Le choix architectural et technique de cet ouvrage a été dicté tant par la nature des terrains (flancs très pentus interdisant des piles dans la ravine), que par des raisons environnementales (faune et flore protégées). Ces contraintes nous ont conduits à concevoir un ouvrage hors du commun. Le design s’est orienté vers un tablier léger et sobre, semblable à une fine lame supportée par 2 bras sortant des flancs de la ravine : les bracons. C’est ainsi qu’a été imaginé un viaduc constitué d’un tablier métallique à dalle orthotrope, porté par 2 bracons en béton précontraint haute performance inclinés de 20° par rapport à l’horizontale. Le tablier est entièrement métallique d’une hauteur constante de 4 mètres, large de 20 mètres et long de 288 mètres. Il est supporté par des appuis rotules en tête des bracons et par des appuis glissants sur les culées. Par conséquent, une grande partie des efforts subis par le tablier sont reportés par précontrainte dans les culées monumentales, qui en font un ouvrage particulier se définissant comme un pont avec effet d’arc limité et contrôlé.
Le tablier a été mis en place par lançage depuis les 2 rives de la ravine. Les bracons, eux, furent construits par encorbellements successifs, et tenus en tête par des tirants provisoires au cours du lançage du tablier par demi-longueur sur chaque rive. Ils ont ensuite été encastrés en pied sur des culées-contrepoids enterrées, et tenus en tête par des tirants constitués de câbles de précontrainte qui couraient à l’intérieur du tablier. Chaque culée a été fondée sur une semelle superficielle à l’arrière sous le contrepoids, et sur un puits de fondation à l’avant.
Enfin, l’ouvrage a été soumis également à des contraintes climatiques : il a été étudié pour résister à des vents cycloniques pouvant atteindre 270 km/h en pointe. L’étude des effets du vent a fait l’objet d’essais sur des maquettes du pont en soufflerie. C’est pourquoi, le tablier est équipé d’anémomètres, de capteurs de pression et d’accéléromètres pour un suivi grandeur réelle du comportement au vent de l’ouvrage.

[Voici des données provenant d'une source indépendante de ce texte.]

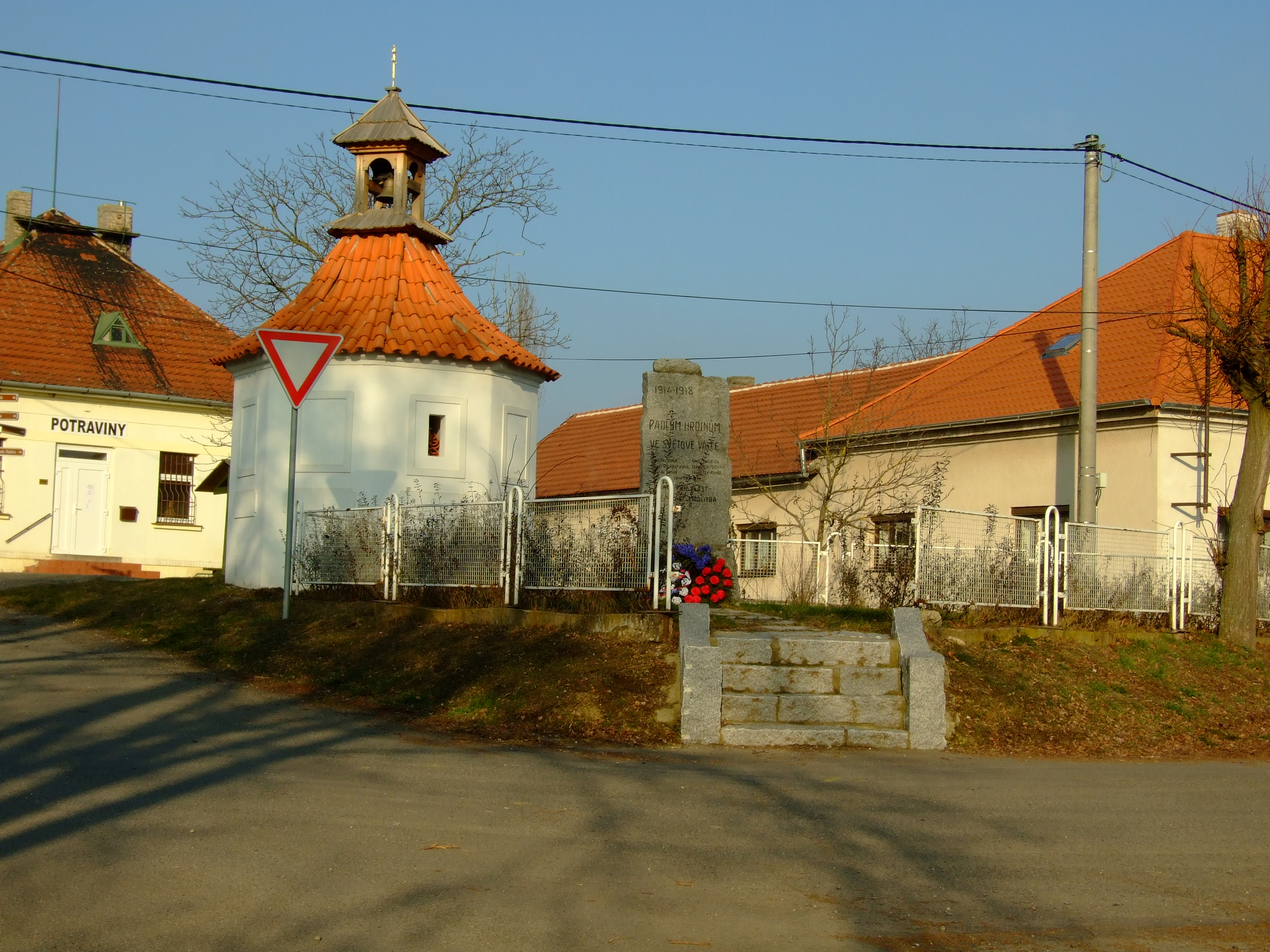 A chapel and World War I memorial in Roblín village, Bohemian Karst protected landscape area, Prague-West District, Central Bohemian Region, CZ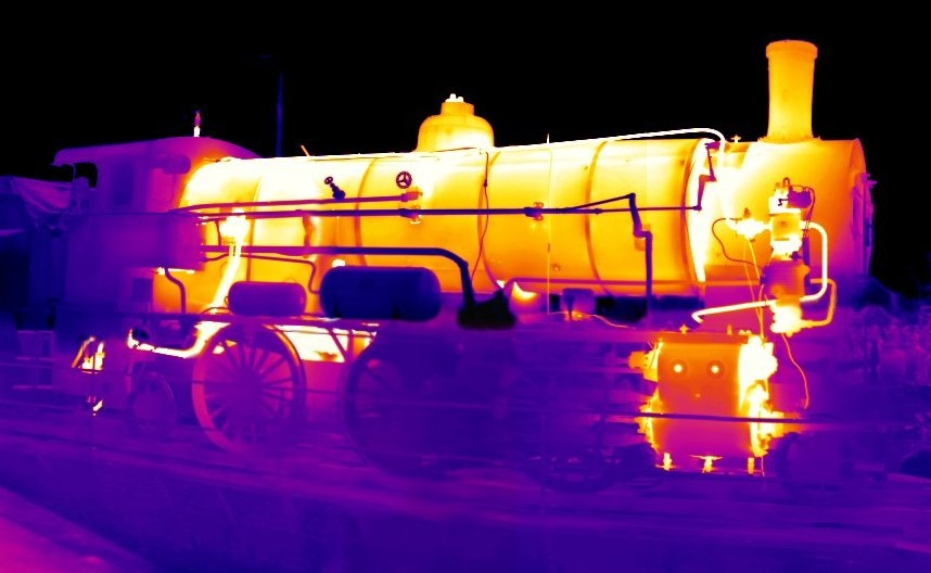 Thermal image of steam locomotive made by IR camera

 La présence sur le site d’espèces d’oiseaux protégées comme le puffin de Baillon ou encore le pétrel de Barau a interdit toute solution d’ouvrage haubané ou suspendu.

IMPACT

De par son environnement exceptionnel et sa conception unique, le Viaduc de Grande Ravine a été un challenge technique permanent, depuis le début des études jusqu’à la fin des travaux. Il a fait appel à une grande variété de techniques de construction.
Long de 288 mètres, il constitue une prouesse technique, puisqu’il réunit à très haute altitude 2 pitons rocheux, et permet de franchir la brèche de la Grande Ravine, une faille aux dimensions exceptionnelles, larges de près de 300 mètres et de 170 mètres de profondeur.
Pour la réalisation de cet ouvrage, le groupement a d’ailleurs fait appel aux techniques les plus pointues d’ingénierie : soutènements de grande hauteur, fondations profondes, précontraintes intérieures et extérieures, utilisation de béton à haute performance, construction des bracons par encorbellements successifs, tablier métallique avec des aciers à très haute limite élastique assemblés et mis en place par lancement, suivi des phases sensibles de construction par des capteurs électroniques de déformation et de pression.
Au delà de ses prouesses architecturales et techniques, ce viaduc s’inscrit dans un projet plus large qui permet de décongestionner le trafic autoroutier sur l’île de La Réunion et crée un nouvel axe reliant Saint-Paul à l’Étan-Salé.

Experts du projet

Maître d’ouvrage
Région Réunion

Maître d’œuvre
Setec TPI

Chiffres clés

Dates d’exécution
avril 2006 à juin 2009  

Béton
12 830 m3

Coffrages
14 130 m3

Acier de précontrainte
57 560 kg

 

Témoignage

« Le chantier est à une altitude de 250 mètres et offre une vue imprenable sur l‘océan. C’est un lieu de nature sauvage difficile d’accès. Les installations de chantier ont donc dû être alimentées en électricité par groupe électrogène et en eau par citernes et bâches. »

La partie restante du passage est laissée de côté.